Das Album »Feral« von RVG

Mit Nachdruck

Platte Buch Von

Wenn eine Indierockband aus Aus­tralien stammt, liegt es nahe, dass sie mit anderen entfernt ähnlichen Bands vom fünften Kontinent verglichen wird, selbst wenn es stilistisch nicht so recht passt. So ergeht es auch RVG aus Melbourne, die Rezensenten wiederholt in die Nachfolge der Go-Betweens aus Brisbane gestellt haben. Ganz so sehr nach jangle pop wie diese klingt die nach ihrer Sängerin benannte Romy Vager Group – kurz RVG – aber nicht. Vielmehr erinnert Vagers ausdrucksstarke, leicht nasale Stimme etwa an die Brett Andersons von der Britpop-Band Suede und die sich elegant umspielenden Wave-Gitarren von Vager selbst und Reuben Bloxham lassen an die markanten Shoegaze-Riffs von Andy Bell und Mark Gardener von den aus Oxford stammenden Ride denken. Oftmals verfügen Vagers Songs über Spannungsbögen, die sie durch ihren Stimmumfang ausgestaltet, indem sie im Lauf der Stücke eine Oktave nach oben springt und die Dringlichkeit steigert. Bei Auftritten schreckt sie dagegen auch vor einem Wechsel in den Schreigesang nicht zurück, um ihren Worten Nachdruck zu verleihen.

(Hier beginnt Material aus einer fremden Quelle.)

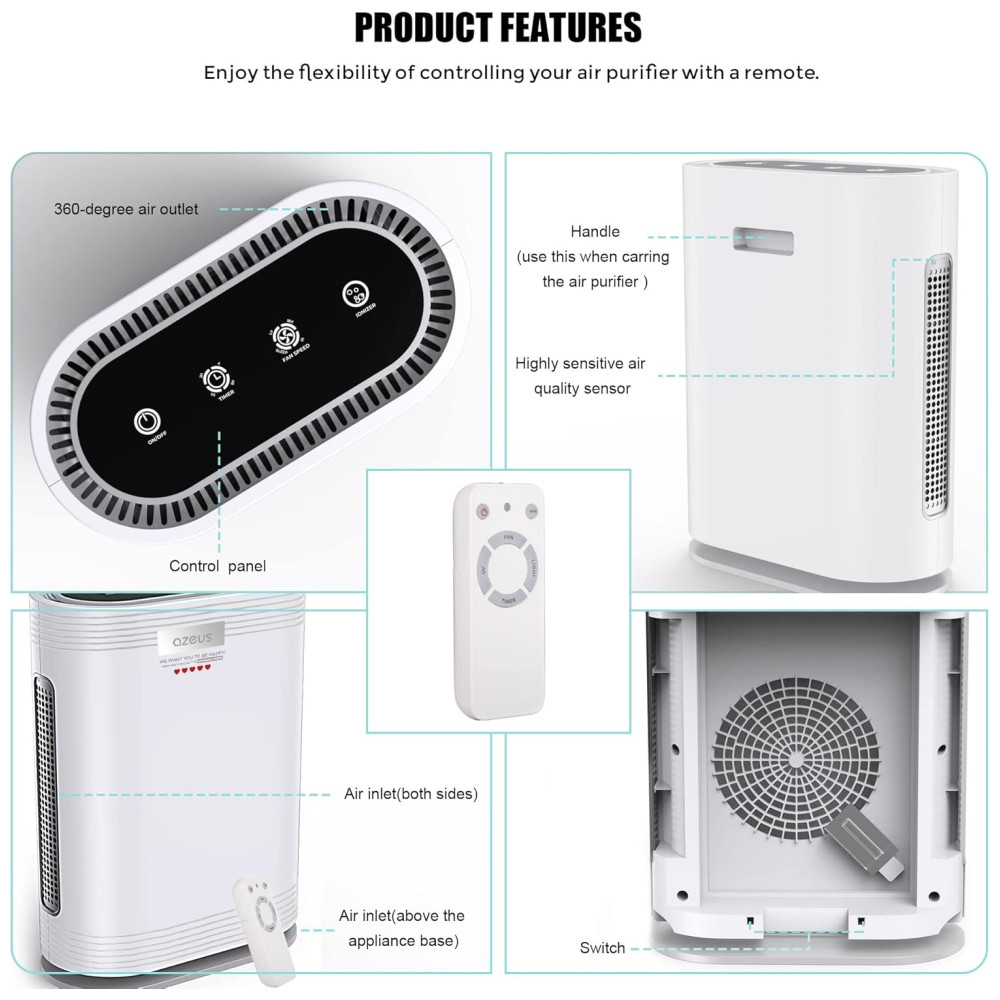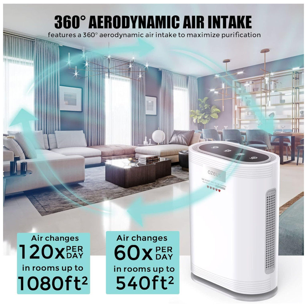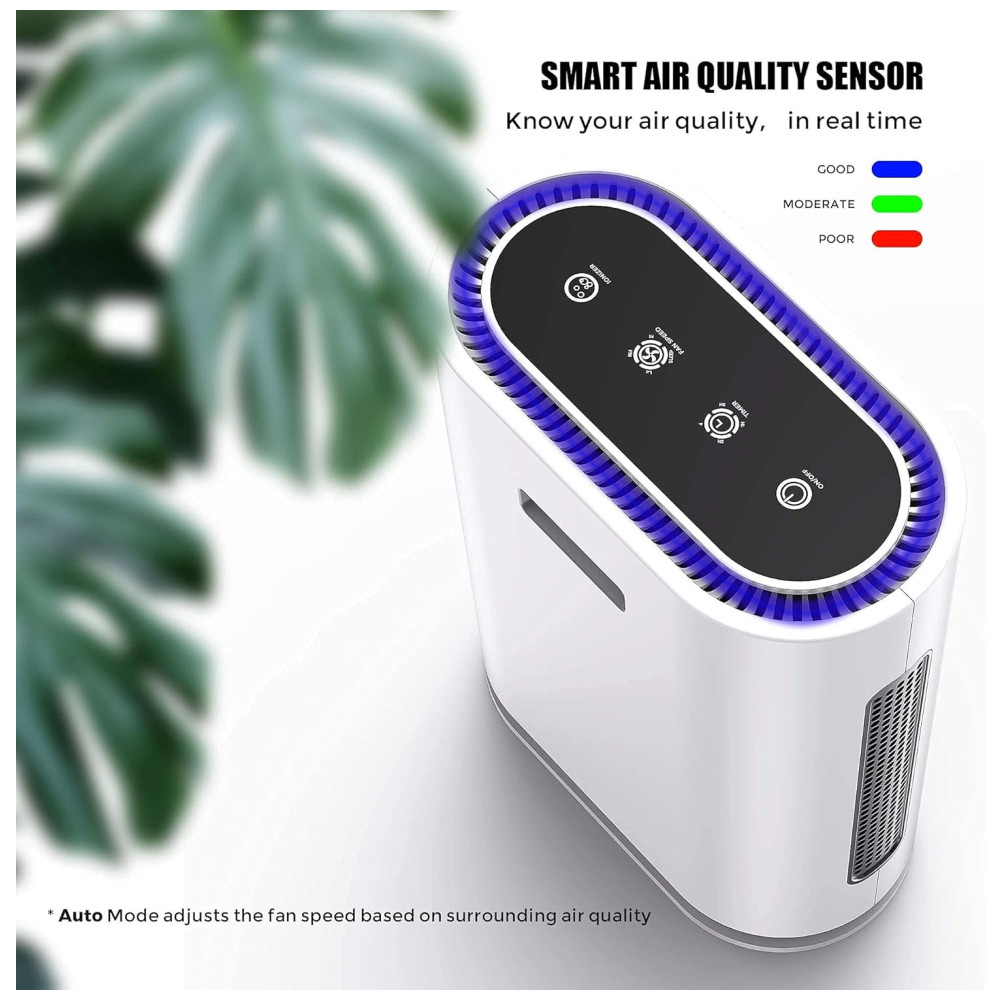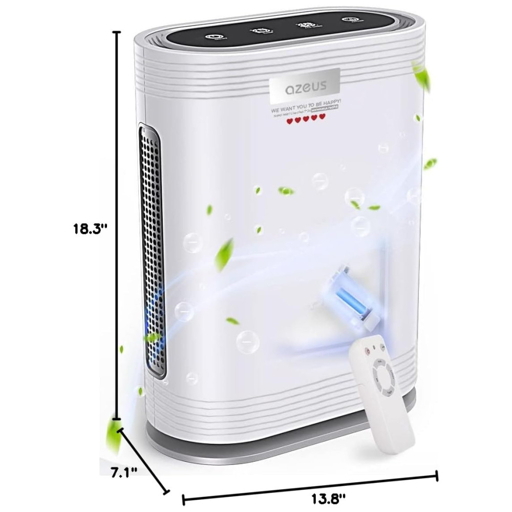 Aumentar um purificador de ar com luz UV em todo o local de trabalho será uma solução necessária. Com muitos restaurantes, salões, bibliotecas e outras empresas começando a reabrir. É necessário adicionar um purificador no local de trabalho. Os purificadores de ar AZEUS True HEPA com sistemas de desinfetante para luz UV C e ionizador são agora a opção número 1 para consumidores conscientes. Isso ocorre porque eles filtram o ar de poeira, alérgenos, pêlos de animais, fumaça, mofo e pólen. Operação silenciosa no modo de suspensão, o que é incrível para os quartos com um nível de ruído de 23 dB. Sensor de qualidade do ar automático no modo automático O purificador de ar AZEUS GL FS32 vem com um indicador inteligente de qualidade do ar ao vivo que mede e exibe alterações nos níveis de qualidade do ar com código de cores, como azul bom, verde moderado e vermelho ruim. . Saiba quando o seu ar está bom, moderado ou ruim e tenha a tranquilidade de que o seu purificador responde adequadamente. Detecta automaticamente a qualidade do ar, aumenta ou diminui a velocidade do ventilador para reduzir partículas ou odores. Luz noturna opcional As luzes diminuem, proporcionando um sono mais repousante. Respire fundo, pois agora você está experimentando um ambiente verdadeiramente pacífico. Para desligar a luz noturna, localize VELOCIDADE DO VENTILADOR MODO DORMIR 4 luzes brilhando no touchpad Pressione novamente, a luz noturna LED está apagada. Segurança de filtro pré instalado certificado pela CARB 100 para uso doméstico, certificado pela California Air Resources Board. Certificação ETL Certificação FCC Certificação CE Especificações e dicas de uso Fonte de alimentação AC 120V , 60Hz Produto pesa 5,6kg Direção do fluxo de ar Admissão de ar aerodinâmica em 360 graus 3 velocidades do ventilador modo de suspensão opcional Luz noturna timer Sensor de qualidade do ar automático no modo automático detecta a qualidade do ar e aumenta ou diminui a velocidade do ventilador Desinfetante de luz UV C ionizador opcional Economia de energia 19W modo de suspensão, 36W , 41W , 60W baixa , Médio , Alto Os filtros de substituição estão disponíveis para compra na , o filtro ASIN é apenas para uso interno B07ZTZGFQG. A luz UV está ligada por padrão e possui um ciclo de trabalho de 20, 10 minutos. Só pode ser desligado por controle remoto. Após cerca de 2.000 horas de operação, os quatro segmentos do indicador do timer acenderão para lembrá lo de substituir o filtro

In »Alexandra«, dem ersten Lied des zweiten RVG-Albums »Feral«, ist die emotionale Spannung überdeutlich zu hören. Das Lied richtet sich an die kleine Schwester, die bei den Eltern geblieben ist, nachdem diese das ältere Kind, aus dessen Perspektive gesungen wird, verstoßen haben. Offen bleibt, ob der Song von Romy Vagers Coming-out als Transperson handelt. Die vorwurfsvollen Aussagen, die sie der Schwester in den Mund legt, sind drastisch: So, wie die Ältere sich kleide, müsse sie sich nicht wundern, wenn Leute sie anzünden wollten. Trotz aller Schuldzuweisungen möchte die Gescholtene aber an ihrer kleinen Schwester festhalten: »I just want you to see me/You don’t have to love me too/Alexandra/Little sister/I’m holding on to you.« Vager gelingt es, die ganze Tragik dieser Szene zum Ausdruck zu bringen. Und der Titel des Albums erscheint in seiner Ambiguität sogleich noch passender, heißt »feral« doch einerseits »ungezähmt«, andererseits aber auch »düster« oder gar »tödlich«.